Tout va bien, ont répété l'OTAN et le président Hamid Karzaï. Washington a même parlé de succès : les Afghans ont voté, le taux de participation a oscillé autour de 50% et les talibans se sont tenus relativement tranquilles. Il n'y a eu qu'une cinquantaine de morts, une broutille dans ce pays où on s'entretue depuis 30 ans.

Tout va bien donc, tout va très bien.

Ça, c'est le fantasme. La réalité est plus complexe, plus difficile à cerner. Les bureaux de vote venaient à peine de fermer que le président Karzaï et l'OTAN parlaient d'un taux de participation de 50%. Au Canada, ce chiffre sort plusieurs heures après la fin du scrutin.

Cinquante pour cent. Permettez-moi d'en douter. L'Afghanistan est en guerre, une bonne partie de la population vit dans des villages reculés, les moyens de communication sont minimalistes et une partie des boîtes de scrutin voyage par dos d'âne. Impossible d'estimer le taux de participation avec une telle rapidité.

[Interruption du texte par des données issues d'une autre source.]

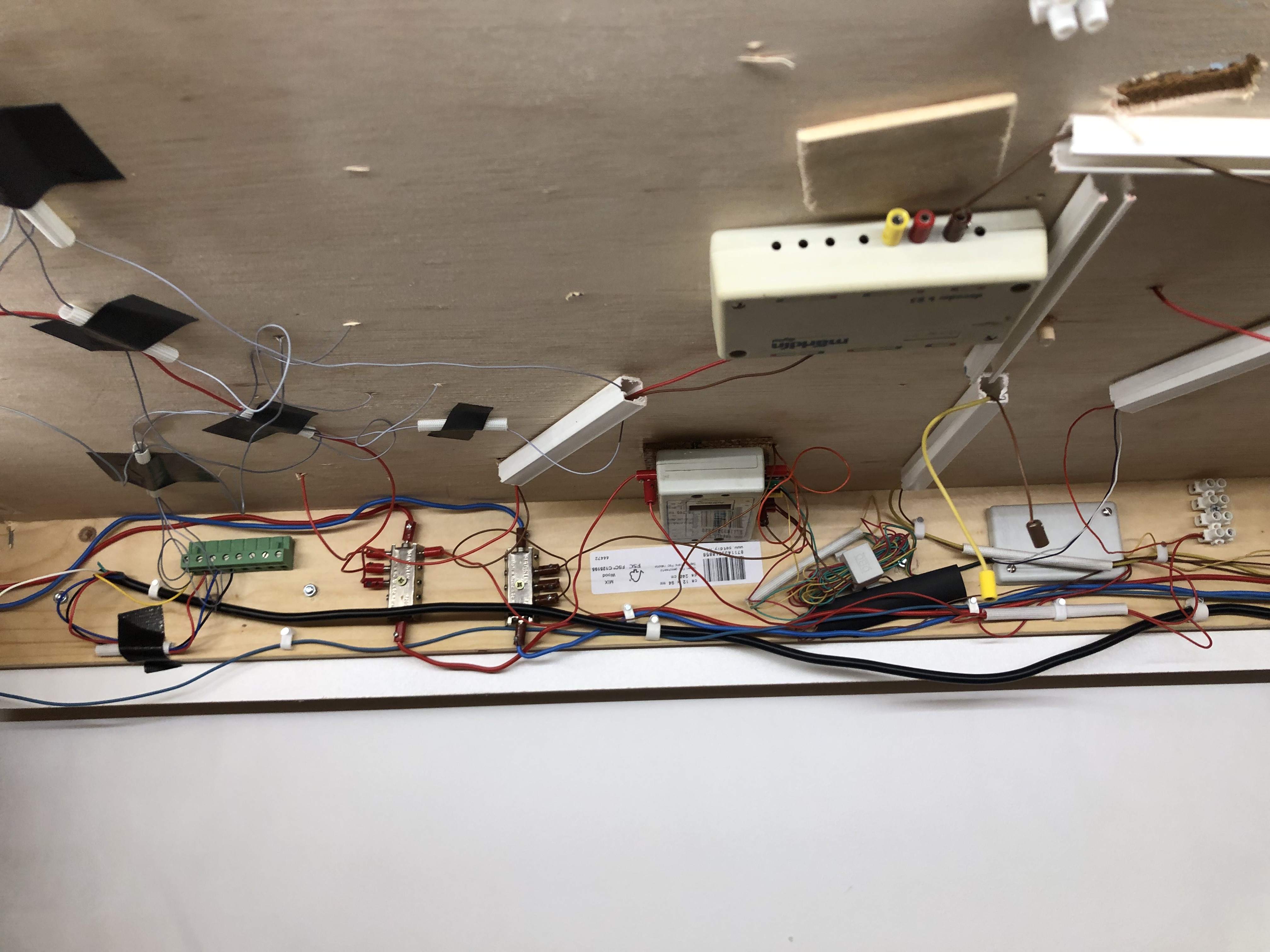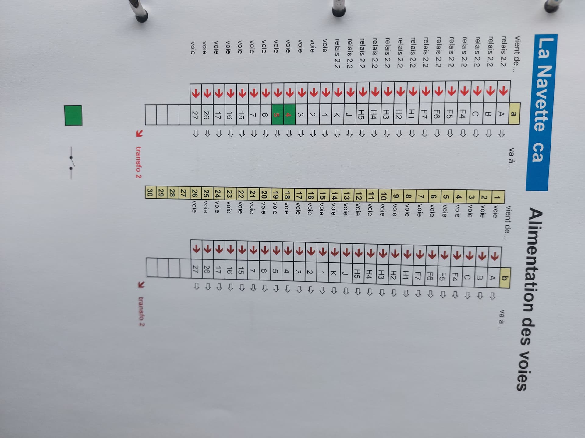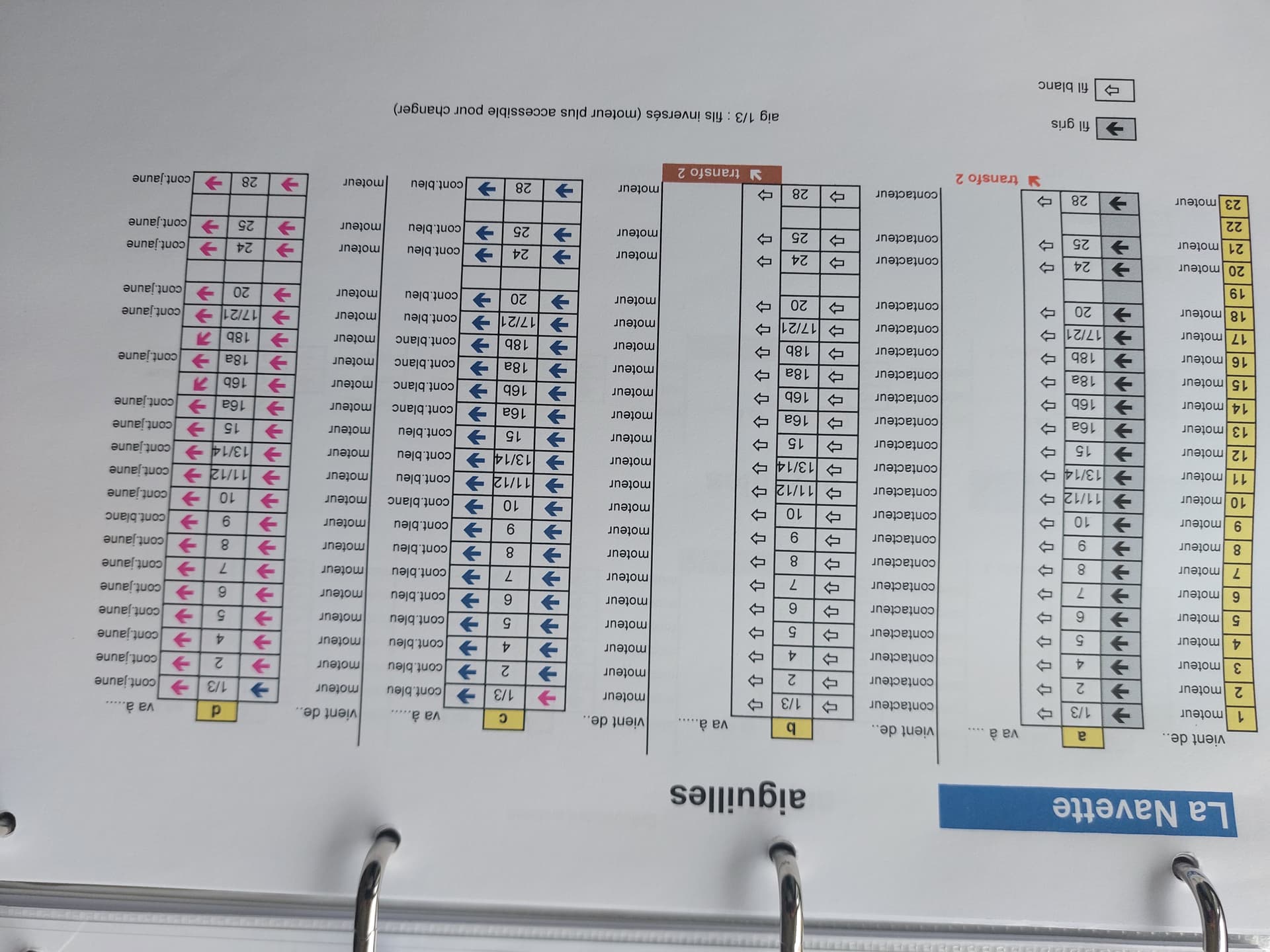 . Chaque fil arrive sur un strips et repart sur un point alimentation(Transfo). Les strips sont numérotés, avec la mention fil arrive de… fil va à… la flèche indique la couleur du fil.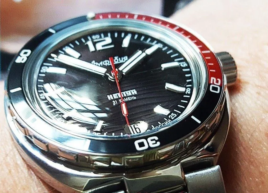 Мужские наручные часы Восток Амфибия 960760. Механические с автоподзаводом. Пружина механизма заводится автоматически благодаря естественным движениям владельца в процессе ежедневной носки часов. Корпус изготовлен из высококачественной нержавеющей стали 316L с высокими антикоррозийными свойствами. На стрелки и отметки нанесен светонакопительный состав, благодаря этому считывать информацию с циферблата возможно и в темноте. На циферблате отображается текущее число месяца. Браслет из нержавеющей стали. Органическое стекло. Часы являются водонепроницаемыми до 20 Бар. Цвет циферблата: Черный. Ширина (с заводной головкой): 40мм. Толщина: 15мм. Гарантия: 1 год.

Les journalistes sur le terrain à Kaboul ont raconté que les rues étaient vides. Je regardais les images à Radio-Canada: bureaux de vote quasi déserts, magasins fermés, ville fantôme. Je ne reconnaissais pas Kaboul toujours si agitée, si fébrile avec ses échoppes en désordre, ses marchands ambulants et sa circulation hystérique.

Il fallait vraiment que les Afghans aient peur pour se barricader de la sorte. Les journalistes du Monde, de Libération, du New York Times, du Guardian, des réseaux anglais et français de Radio-Canada racontaient la même histoire: les électeurs sortaient au compte-gouttes.

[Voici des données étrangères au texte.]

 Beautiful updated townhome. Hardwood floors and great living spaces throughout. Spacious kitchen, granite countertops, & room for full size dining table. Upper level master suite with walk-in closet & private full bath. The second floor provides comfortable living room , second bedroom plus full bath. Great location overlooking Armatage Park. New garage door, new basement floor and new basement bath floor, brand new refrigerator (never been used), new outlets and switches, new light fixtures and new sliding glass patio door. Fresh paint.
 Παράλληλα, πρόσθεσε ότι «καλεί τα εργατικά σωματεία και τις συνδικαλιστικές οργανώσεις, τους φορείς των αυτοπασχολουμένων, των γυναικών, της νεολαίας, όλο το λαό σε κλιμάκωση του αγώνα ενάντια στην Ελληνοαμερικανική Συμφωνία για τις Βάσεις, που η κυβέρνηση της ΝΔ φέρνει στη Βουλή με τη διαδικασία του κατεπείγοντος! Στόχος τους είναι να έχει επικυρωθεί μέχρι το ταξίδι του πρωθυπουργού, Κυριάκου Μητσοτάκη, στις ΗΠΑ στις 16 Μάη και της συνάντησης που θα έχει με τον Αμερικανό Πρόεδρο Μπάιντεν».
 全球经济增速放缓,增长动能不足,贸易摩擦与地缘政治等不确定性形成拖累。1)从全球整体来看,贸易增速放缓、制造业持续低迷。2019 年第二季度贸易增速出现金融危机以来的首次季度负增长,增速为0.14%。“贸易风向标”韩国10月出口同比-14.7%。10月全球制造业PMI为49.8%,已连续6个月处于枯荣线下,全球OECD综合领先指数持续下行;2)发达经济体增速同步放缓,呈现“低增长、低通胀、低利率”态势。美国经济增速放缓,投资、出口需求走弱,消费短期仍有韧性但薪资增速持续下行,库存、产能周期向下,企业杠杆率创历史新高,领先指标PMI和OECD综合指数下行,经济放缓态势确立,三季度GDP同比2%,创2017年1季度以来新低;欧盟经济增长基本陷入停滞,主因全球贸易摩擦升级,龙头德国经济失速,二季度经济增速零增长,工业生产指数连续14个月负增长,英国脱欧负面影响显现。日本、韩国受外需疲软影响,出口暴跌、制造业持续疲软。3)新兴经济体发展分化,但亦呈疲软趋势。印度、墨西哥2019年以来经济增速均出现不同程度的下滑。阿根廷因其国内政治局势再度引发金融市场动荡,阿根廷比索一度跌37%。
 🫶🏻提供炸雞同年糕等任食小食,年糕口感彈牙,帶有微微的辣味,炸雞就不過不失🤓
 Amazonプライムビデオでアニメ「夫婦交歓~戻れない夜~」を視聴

La perception des journalistes a été confirmée par Jean McKenzie du IWPR, un organisme spécialisé dans les zones de guerre qui a des correspondants partout en Afghanistan.

Impossible d'estimer le taux de participation, a-t-elle expliqué à ma collègue Agnès Gruda. «Je serais extrêmement choquée d'apprendre qu'il y a eu 50% de participation ou plus. Si c'est le cas, ça ne pourrait signifier qu'une chose: qu'il y a eu de la fraude massive.»

Personne ne sait vraiment ce qui s'est passé, hier, en Afghanistan. Les résultats préliminaires ne sortiront que demain et le score final ne sera connu que dans deux semaines. Si tout va bien. Et si les ânes trottinent assez vite.

Et il ne faut pas oublier la fraude qui a entaché tout le processus. Il n'y avait même pas de liste électorale. L'électeur se présentait avec sa carte dans le bureau de son choix. Selon le Guardian, environ trois millions de fausses cartes électorales circulaient dans le pays. Sur un total de 17 millions.

L'encre indélébile a aussi fait jaser. Tous les électeurs devaient tremper leur doigt dans l'encre. Difficile de voter deux fois avec une tache sur le doigt. Dans plusieurs endroits, l'encre n'était pas indélébile. Les gens réussissaient à l'enlever avec du simple détergent. D'autres enduisaient leur doigt d'huile avant de voter pour empêcher l'encre de tacher. Fiez-vous aux Afghans pour trouver des trucs, ils sont très ingénieux.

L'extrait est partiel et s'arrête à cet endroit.